--- RECORD SET ---
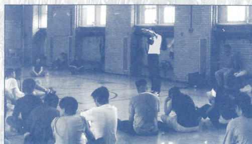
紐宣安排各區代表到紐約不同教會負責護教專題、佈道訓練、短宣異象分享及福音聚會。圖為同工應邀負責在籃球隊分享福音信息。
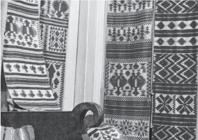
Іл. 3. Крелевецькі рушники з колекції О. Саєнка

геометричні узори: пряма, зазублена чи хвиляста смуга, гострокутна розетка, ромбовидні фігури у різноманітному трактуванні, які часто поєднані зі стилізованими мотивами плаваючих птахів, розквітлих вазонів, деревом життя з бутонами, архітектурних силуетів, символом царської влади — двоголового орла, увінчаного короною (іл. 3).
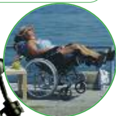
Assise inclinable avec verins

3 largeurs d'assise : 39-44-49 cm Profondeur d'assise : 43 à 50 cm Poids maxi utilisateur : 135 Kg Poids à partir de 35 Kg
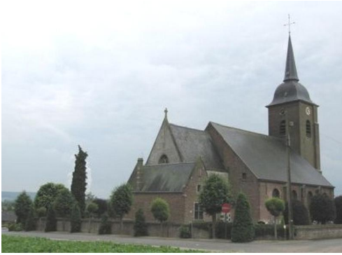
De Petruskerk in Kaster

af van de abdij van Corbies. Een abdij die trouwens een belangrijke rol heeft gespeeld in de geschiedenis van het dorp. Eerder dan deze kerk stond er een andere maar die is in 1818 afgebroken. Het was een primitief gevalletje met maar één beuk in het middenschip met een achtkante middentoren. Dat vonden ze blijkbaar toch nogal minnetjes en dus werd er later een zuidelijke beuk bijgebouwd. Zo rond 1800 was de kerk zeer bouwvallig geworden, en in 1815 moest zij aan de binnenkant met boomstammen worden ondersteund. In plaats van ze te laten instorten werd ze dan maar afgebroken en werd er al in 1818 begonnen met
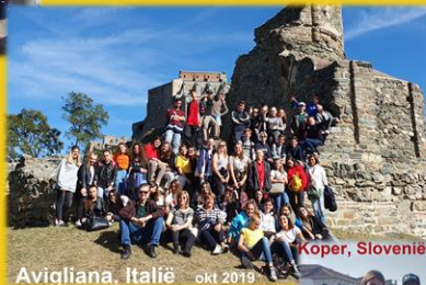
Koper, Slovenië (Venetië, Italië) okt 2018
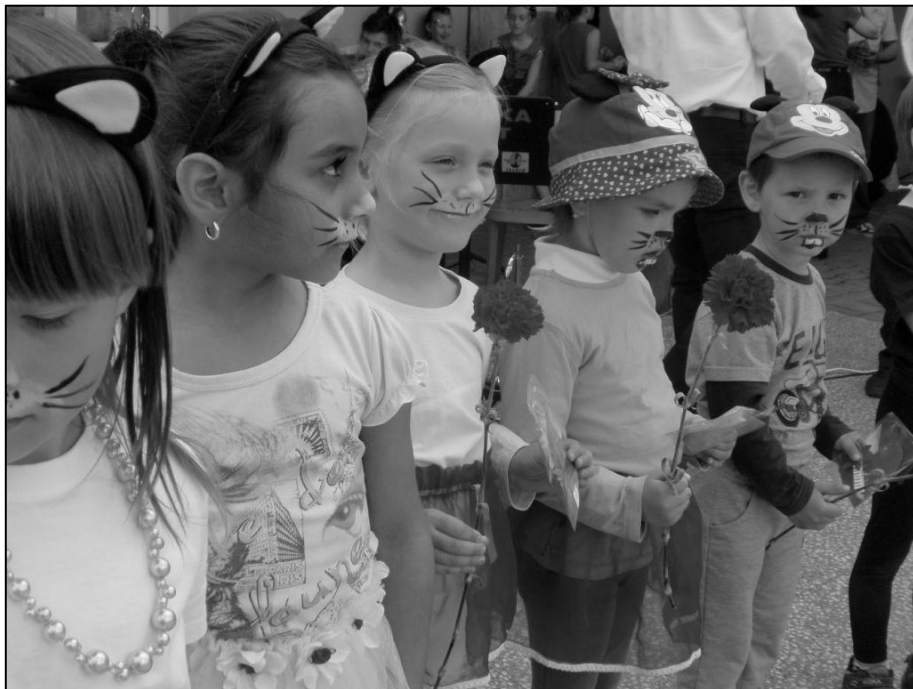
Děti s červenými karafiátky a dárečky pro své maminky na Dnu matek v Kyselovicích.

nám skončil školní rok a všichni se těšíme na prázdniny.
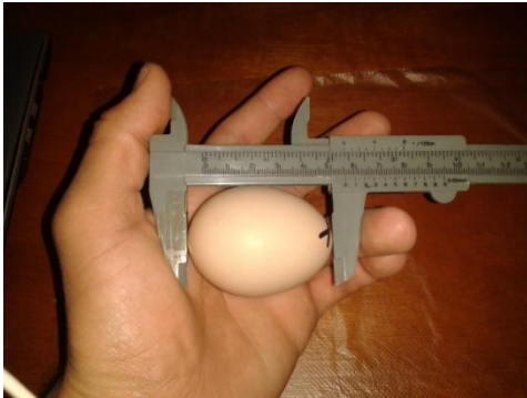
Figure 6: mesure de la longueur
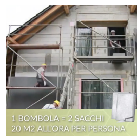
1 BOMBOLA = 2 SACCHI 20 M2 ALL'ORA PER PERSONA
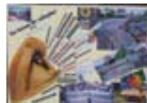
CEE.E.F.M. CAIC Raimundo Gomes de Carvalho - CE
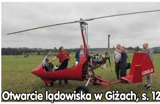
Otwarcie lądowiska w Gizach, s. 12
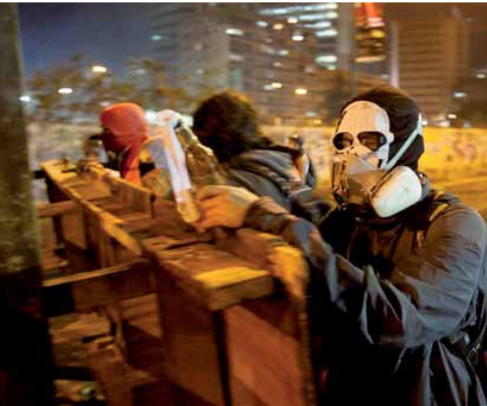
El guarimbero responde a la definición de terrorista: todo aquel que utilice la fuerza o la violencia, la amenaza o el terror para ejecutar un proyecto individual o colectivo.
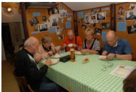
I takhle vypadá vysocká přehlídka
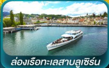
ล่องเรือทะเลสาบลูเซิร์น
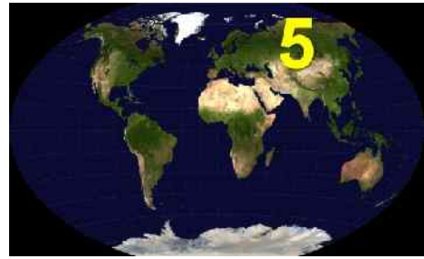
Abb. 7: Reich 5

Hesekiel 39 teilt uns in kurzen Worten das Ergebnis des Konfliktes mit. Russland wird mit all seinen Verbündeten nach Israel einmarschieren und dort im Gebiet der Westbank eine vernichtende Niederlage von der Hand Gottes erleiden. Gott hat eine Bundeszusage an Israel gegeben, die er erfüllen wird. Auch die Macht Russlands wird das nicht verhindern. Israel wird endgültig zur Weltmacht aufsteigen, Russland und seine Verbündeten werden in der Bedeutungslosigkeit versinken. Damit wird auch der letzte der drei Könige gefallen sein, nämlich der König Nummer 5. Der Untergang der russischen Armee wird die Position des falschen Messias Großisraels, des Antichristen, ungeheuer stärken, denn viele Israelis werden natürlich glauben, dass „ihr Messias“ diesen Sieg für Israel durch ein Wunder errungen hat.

--

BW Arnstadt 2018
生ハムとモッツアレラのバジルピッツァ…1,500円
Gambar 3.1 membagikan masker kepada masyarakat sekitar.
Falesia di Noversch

--- WORK ITEM ---
Taking the entries above, extract every line from the one bearing "3 largeurs d'assise" through the one bearing "Koper, Slovenië (Venetië, Italië) okt 2018", exactly, with no pictures.

--- RESULT FOR THIS TASK ---
3 largeurs d'assise : 39-44-49 cm Profondeur d'assise : 43 à 50 cm Poids maxi utilisateur : 135 Kg Poids à partir de 35 Kg
De Petruskerk in Kaster

af van de abdij van Corbies. Een abdij die trouwens een belangrijke rol heeft gespeeld in de geschiedenis van het dorp. Eerder dan deze kerk stond er een andere maar die is in 1818 afgebroken. Het was een primitief gevalletje met maar één beuk in het middenschip met een achtkante middentoren. Dat vonden ze blijkbaar toch nogal minnetjes en dus werd er later een zuidelijke beuk bijgebouwd. Zo rond 1800 was de kerk zeer bouwvallig geworden, en in 1815 moest zij aan de binnenkant met boomstammen worden ondersteund. In plaats van ze te laten instorten werd ze dan maar afgebroken en werd er al in 1818 begonnen met
Koper, Slovenië (Venetië, Italië) okt 2018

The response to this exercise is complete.